Obviously this is way nicer than what I had at Fiona’s, but also, if you’ll recall, I am very poor, so I hope we can work out some sort of deal. ”

He bursts out laughing. “Abby, are you serious? You think I’m going to charge you rent?”

“I don’t want you to think I’m taking advantage of you.”

He puts his hands on my shoulders. He’s trying to be serious, but he can’t disguise the mirth that radiates from him like sunshine, a golden glow that’s tumbling forth from every pore. “I don’t want to be a dick, Stripes, but I make more in one week than you make in a year.”

“It’s actually more than I’d make in three years,” I mumble. I looked it up soon after meeting him, obviously, because googling rich people is why they invented the internet.

To his credit, he doesn’t laugh at my poverty.

“That is actually mad, and I have half a mind to talk to Charlotte about getting you a pay rise.” He does laugh then, at the look of bald panic on my face, then gives my shoulders a reassuring squeeze.

“Calm down, I won’t. My point is…actually, my points are, one: You should be paid way more and I should be paid way less, and two: I am not going to ask you to pay rent.

You’re doing me a favor, in all honesty.

I’m going mental rattling around in here all alone. ”

“Well, what about some sort of in-kind payment? I’ll make you breakfast every day or always take the trash out, or whatever.”

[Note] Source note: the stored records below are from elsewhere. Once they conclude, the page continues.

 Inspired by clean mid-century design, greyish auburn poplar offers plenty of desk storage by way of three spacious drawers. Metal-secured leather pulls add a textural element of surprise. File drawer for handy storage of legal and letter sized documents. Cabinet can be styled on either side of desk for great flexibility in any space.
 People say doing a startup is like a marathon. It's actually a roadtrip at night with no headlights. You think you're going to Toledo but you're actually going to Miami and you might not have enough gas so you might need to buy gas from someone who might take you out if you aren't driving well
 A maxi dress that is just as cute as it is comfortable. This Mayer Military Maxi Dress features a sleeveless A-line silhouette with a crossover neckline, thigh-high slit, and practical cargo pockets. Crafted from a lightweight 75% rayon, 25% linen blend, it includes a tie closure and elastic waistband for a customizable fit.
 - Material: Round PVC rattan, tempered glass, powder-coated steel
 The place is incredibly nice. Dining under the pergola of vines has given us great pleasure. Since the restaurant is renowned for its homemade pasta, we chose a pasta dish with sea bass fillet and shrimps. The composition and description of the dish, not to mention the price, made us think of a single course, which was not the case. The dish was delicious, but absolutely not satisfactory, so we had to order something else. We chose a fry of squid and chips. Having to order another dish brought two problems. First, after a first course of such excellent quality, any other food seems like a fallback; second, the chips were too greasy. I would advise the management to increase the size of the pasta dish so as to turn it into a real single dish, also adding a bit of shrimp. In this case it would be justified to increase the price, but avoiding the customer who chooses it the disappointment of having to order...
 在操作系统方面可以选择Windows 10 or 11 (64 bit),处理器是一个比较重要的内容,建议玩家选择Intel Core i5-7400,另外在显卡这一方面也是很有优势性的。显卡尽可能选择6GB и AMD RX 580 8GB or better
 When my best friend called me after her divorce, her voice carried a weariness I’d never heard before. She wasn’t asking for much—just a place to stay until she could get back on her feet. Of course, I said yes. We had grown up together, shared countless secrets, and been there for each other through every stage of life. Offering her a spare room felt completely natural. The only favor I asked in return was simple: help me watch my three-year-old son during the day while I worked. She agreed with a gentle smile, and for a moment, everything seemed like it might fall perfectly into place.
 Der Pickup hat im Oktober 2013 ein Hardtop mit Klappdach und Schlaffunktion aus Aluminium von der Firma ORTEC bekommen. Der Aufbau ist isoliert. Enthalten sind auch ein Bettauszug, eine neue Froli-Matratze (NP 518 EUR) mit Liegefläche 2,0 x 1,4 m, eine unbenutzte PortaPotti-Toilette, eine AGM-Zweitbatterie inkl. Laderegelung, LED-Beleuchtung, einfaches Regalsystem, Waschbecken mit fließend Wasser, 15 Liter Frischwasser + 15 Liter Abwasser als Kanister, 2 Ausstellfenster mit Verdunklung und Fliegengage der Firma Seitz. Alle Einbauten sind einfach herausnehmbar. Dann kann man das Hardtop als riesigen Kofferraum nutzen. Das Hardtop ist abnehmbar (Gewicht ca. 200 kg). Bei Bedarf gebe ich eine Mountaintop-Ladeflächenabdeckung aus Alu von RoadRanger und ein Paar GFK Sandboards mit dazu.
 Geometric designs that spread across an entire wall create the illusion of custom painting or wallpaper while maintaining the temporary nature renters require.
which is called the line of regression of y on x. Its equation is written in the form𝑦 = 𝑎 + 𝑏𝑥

“Abby.” He shakes me. “I promise, all you have to do is let me watch you shower whenever I want, and we’ll be even.”

I laugh and shove his chest. “You’re disgusting, you know that?”

“You have no idea,” he says. “Now come on, we have a dinner booking in five hours and we have three, maybe four boxes to unpack before then. It’s a race against time!”

“Get out of here and leave me and my sad little boxes alone.”

He laughs and closes the door behind him.

As soon as he’s on the other side, the reality of what’s just happened hits me.

I’m living with Lachlan Ramsay. The Lachlan Ramsay.

Too many thoughts are colliding in my head and I can’t process them fast enough.

But one seems to be winning out, growing louder and louder as it squashes all the lesser thoughts: This is either going to be amazing…

or the biggest mistake I’ve ever made in my life.